From Session Browser to Mission Control: Evolving a Developer Tool
claude-view started as a weekend project to browse Claude Code sessions. Twenty-five days later it was a real-time multi-agent monitoring dashboard. The evolution from session browser to Mission Control wasn’t planned — each phase was driven by a pain point that made the previous version insufficient.
Phase 1: Session browser (days 1-2)
The original problem was simple: Claude Code stores conversations as JSONL files in ~/.claude/projects/, but there’s no way to browse them. You can cat the files, but they’re raw JSON with nested content blocks and base64-encoded images. We built a session list, a message viewer with syntax highlighting, and HTML export. That was v0.1.
The architecture was minimal — Rust reads JSONL files on startup, serves a React SPA from embedded static assets, exposes two API endpoints. No database, no indexing, no background processes.

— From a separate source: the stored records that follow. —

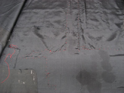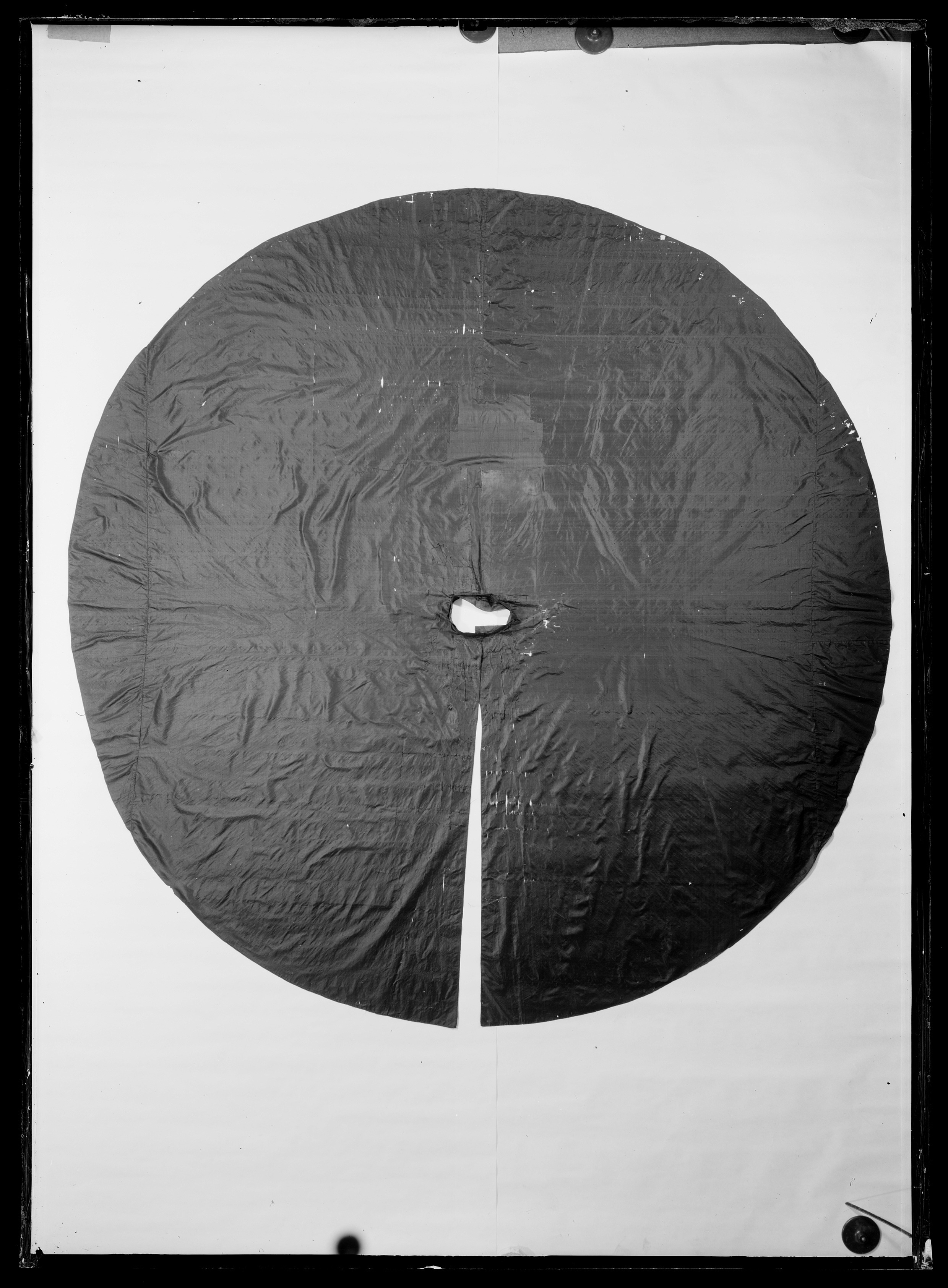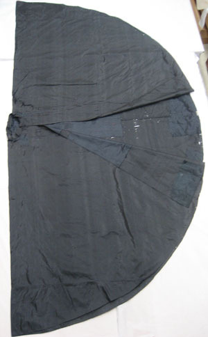 Kopia av den rundskurna svarta taftkappan 3497 a) utförd af Fröken Gertrud Cederwall i okt. 1955. Material: fransk taft ink. fr. De förenade Spets- och Siden. (G. E-d)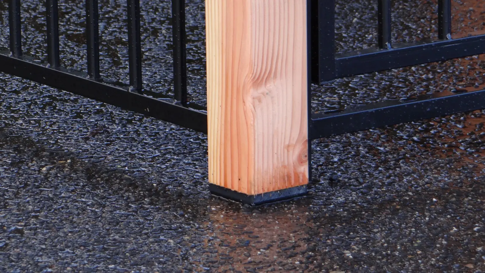 - Die Holzpfosten des Zwingers (88x88mm) sind mit Kunststofffüßen ausgestattet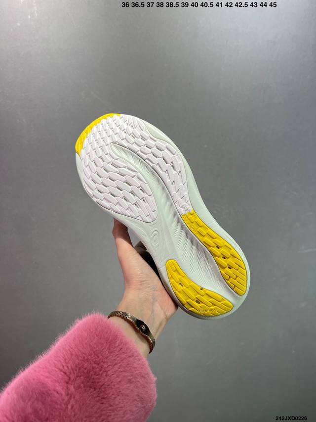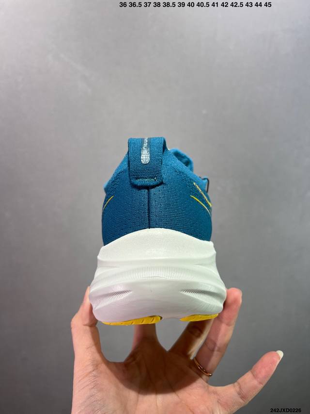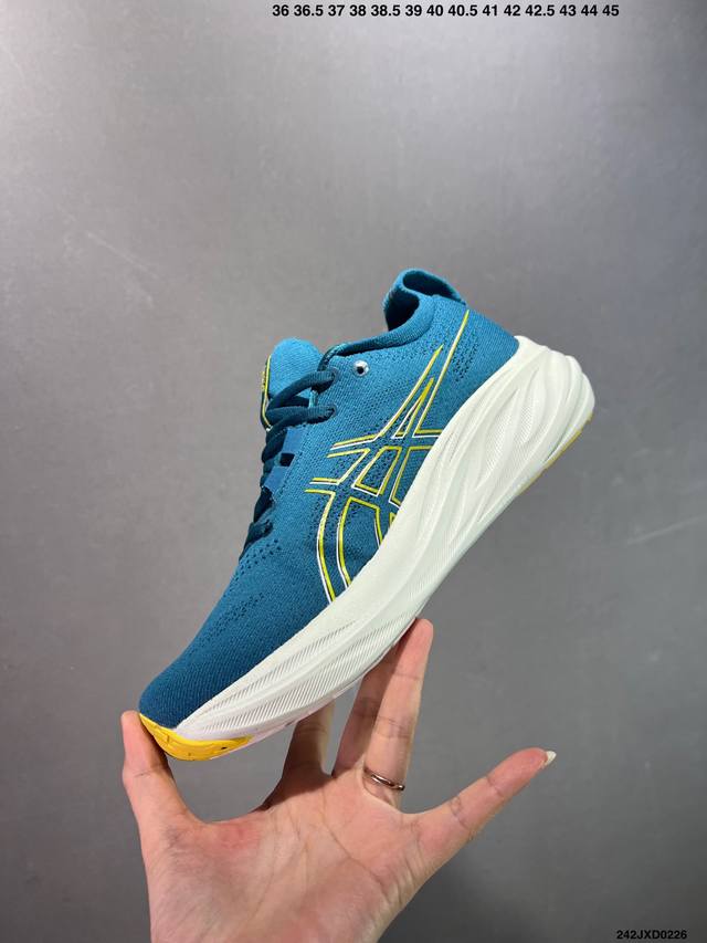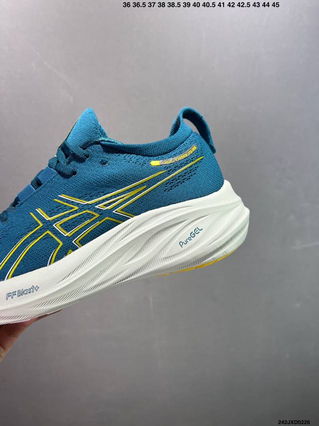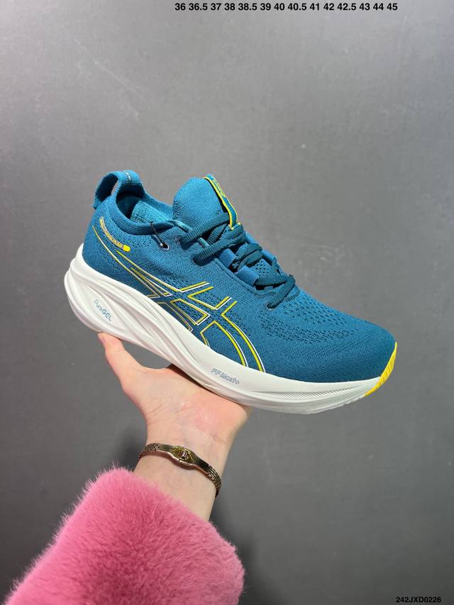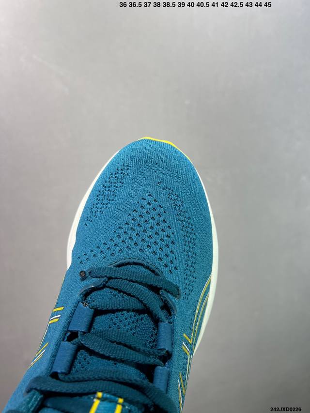 公司级Asics 亚瑟士Gel-Nimbus 26稳定跑鞋鞋面采用双层提花网面设计,提高包裹性和透气性,后跟搭载稳定系统科技T-Gel提升整体支撑力和结构感,减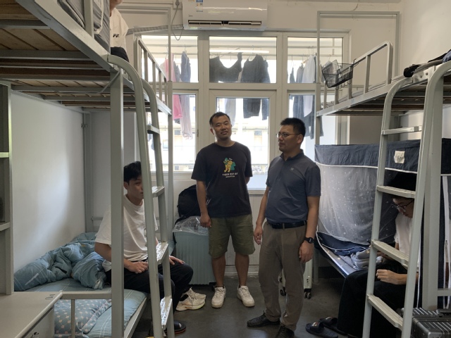 在学生社区走访中,学生积极热情地与老师展开交流,老师亲切地送上学院的关心和问候,详细询问同学们的学习、生活、思想状况。吴乃鑫、丁远两位书记关切学生诉求,鼓励学生有困难和问题及时向学院反映,学院力求聚焦学生需求,为学生办实事。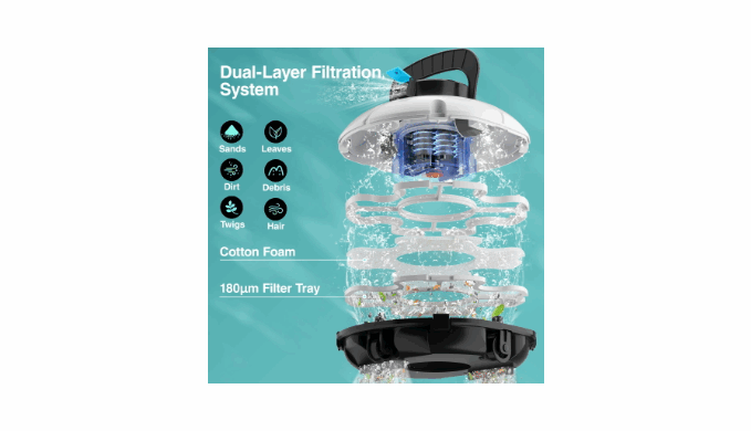 Winny 1102P cordless robotic pool cleaner is a better choice to make your pool sparkle again. With a dual-layer filtration system and upgrade dual motors, it has a superior cleaning performance, effectively removes debris, sand, leaves and more, providing a cleaner pool. The 3200mAh battery offers a solid cleaning time up to 80 minutes with a quick 3-4 hour charge. The pool vacuum is suitable for various of above/in-ground pools up to 645 square feet with a flat bottom (max slope < 15°). It automatically returns to the shore when the battery is low or the task is complete. The device weighs only 7.27lb, making it easy to remove from pool and easy to store. Winny 1102P is efficient and convenient , making your summer pool life easier.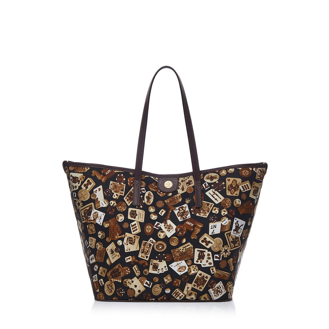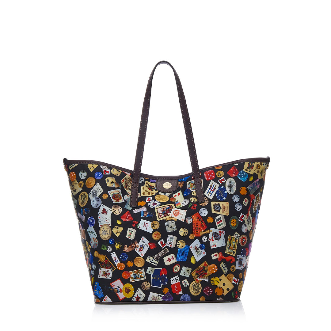 Sanremo Borsa shopping media in Nylon con Disegno Gambling Multicolor Nero/Cacao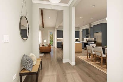 A conveniently located half bathroom serves the main living and entertaining zones without disrupting private bedroom areas. 20 The transition from the side-entry garage introduces a mudroom area that helps contain daily clutter, making everyday comings and goings efficient and neat. 21 A nearby laundry room adds to practical day-to-day flow and helps keep household chores discreet and organized. 22

Phase 2: Search and analytics (days 3-8)
Once you have 200+ sessions, you need search. Substring matching on in-memory data worked for a week, then we hit sessions with 1,000+ messages and search took 800ms. We integrated Tantivy, a Rust full-text search engine (think Lucene but without the JVM), and got query times under 5ms.
Analytics came from the same data. Every assistant message includes token usage — input_tokens, output_tokens, cache_read_input_tokens, cache_creation_input_tokens. Aggregate those across sessions and you have cost tracking. Plot them over time and you have trend charts. The data was always there; we just started computing over it.
The architecture gained SQLite for persistent metadata and Tantivy for the search index. Both rebuild from JSONL source files on startup if the schema version changes.
Phase 3: Git integration (days 9-14)
A natural question after browsing sessions: “What did this session actually produce?” We added git log scanning to link sessions with commits by timestamp correlation. If a commit happened during or shortly after a session in the same project directory, it’s associated with that session.
This phase also added contribution analysis — what percentage of your git output involved AI assistance, broken down by project and time period. The data model expanded from “conversations” to “conversations + their real-world outputs.”
Phase 4: Live monitoring (days 15-22)
This was the inflection point. Everything before this was historical — browsing past sessions, analyzing completed work. Live monitoring meant watching active sessions in real time.
The technical jump was significant. We added:
- Process discovery — scanning the process table for running Claude Code instances, associating them with project directories via
lsof - JSONL tail watching — using
notify(inotify/kqueue) to detect new messages as they’re written - Server-Sent Events — pushing session state updates to the browser in real time
- Session state classification — inferring whether each agent is autonomous, waiting for input, or done
The architecture went from request-response to event-driven. SSE streams replaced polling. A background task continuously monitors process liveness and file changes, broadcasting state transitions to connected clients.
Phase 5: Plugin and relay (days 23-25)
Two extensions emerged from the monitoring work. The Claude Code plugin (@claude-view/plugin) exposes session data as MCP tools — so Claude itself can answer “what did I work on today?” by querying its own session history. The WebSocket relay enables the mobile app to receive live updates from the local server without port forwarding.
The key inflection
When live monitoring became the primary use case, we moved Mission Control to the home page. Session history became a secondary view, accessible from the sidebar. This was a product decision driven by usage: we opened claude-view 10x more often to check on running agents than to browse past conversations.
What the evolution taught us
Every architecture decision from Phase 1 became either a foundation or a liability in Phase 4. mmap-based JSONL parsing (foundation) — same code reads historical and live files. Embedded static assets (foundation) — one binary, no build step for users. No database (liability) — had to add SQLite when in-memory data didn’t scale. No real-time layer (liability) — had to add SSE and background workers.
The lesson: if your tool reads data that changes over time, build the real-time path early. Retrofitting event-driven architecture onto a request-response system is possible but expensive. We did it in 7 days; starting with SSE from day 1 would have saved 3 of those days.